“Right from the start I couldn’t take my eyes off her,” Bob Dylan wrote in his memoir. “She was the most erotic thing I’d ever seen. She was fair skinned and golden haired, full-blood Italian. The air was suddenly filled with banana leaves. We started talking and my head started to spin.

“Cupid’s arrow had whistled past my ears before, but this time it hit me in the heart and the weight of it dragged me overboard.”

Rotolo, a Greenwich Village artist and Dylan’s girlfriend and lyrical muse when he came to prominence in the early 1960s, died Friday. She was 67.

Rotolo, whose relationship with the singer lasted only a few years, died of lung cancer in New York City, said her agent, Sarah Lazin.

“The fact is that from early on, Suze’s left-wing politics had an impact on Dylan’s early writing,” said Rolling Stone contributing editor Anthony DeCurtis. “There’s no question that she became both an abstract muse and a very practical one. He has said that he would run songs past her.”

Rotolo, who remained an activist throughout her life, can be seen walking arm in arm with the singer on the cover of the ‘60s classic, The Freewheelin Bob Dylan, but DeCurtis thinks their relationship waned when she became overwhelmed by the worldwide fame that cascaded down on him as an icon of his era.
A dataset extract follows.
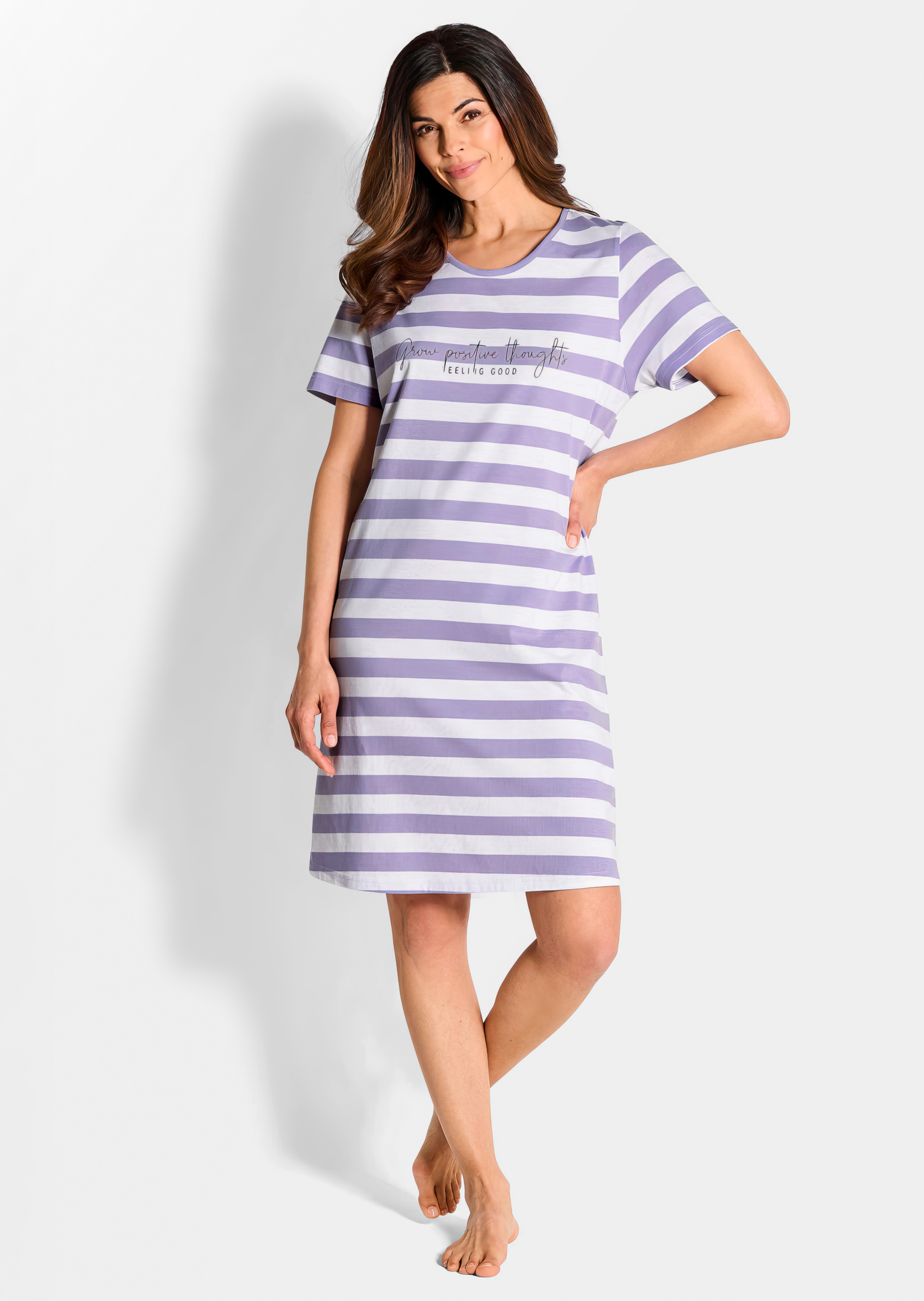 Chemise de nuit COMTESSA en lot de 2. Lot composé de 2 motifs différents ! Confections soignées en jersey agréable à porter avec teneur en coton. Coupe confortable à manches mi-longues. Un modèle avec encolure arrondie et l’autre avec encolure en V.

“While she always maintained great respect for Dylan, I think she felt a little bit entrapped by that,” he said. He noted that in later years, she used her husband’s surname and seemed to revel in her non-Dylan anonymity.

“I think there was a certain kind of element of obsession with Dylan that she found frightening and off-putting,” he said. “It got to be a drag.”

Rotolo is also believed to be the subject of a number of legendary Dylan songs, including “Don’t Think Twice, It’s All Right,” “Boots of Spanish Leather” and “Tomorrow Is a Long Time.”

A Dylan spokesman said Tuesday he was unavailable for comment.

Rotolo, who was born in the New York City borough of Queens, was raised in a left-wing household. She was working for the Congress of Racial Equality when she met Dylan and is credited with teaching him about the civil rights movement.

Rotolo later married film editor Enzo Bartoccioli; they had a son, Luca Bartoccioli.

In recent years she worked in a medium called book art, which she said was a “reinterpretation of the book as an art object.” She also taught a book arts workshop at the Parsons School of Design in New York City.

In 2004, she participated in a street-theater group called “Billionaires for Bush” and attended demonstrations at the Republican National Convention outside Madison Square Garden.

A private memorial service will be scheduled at a later date, her agent said.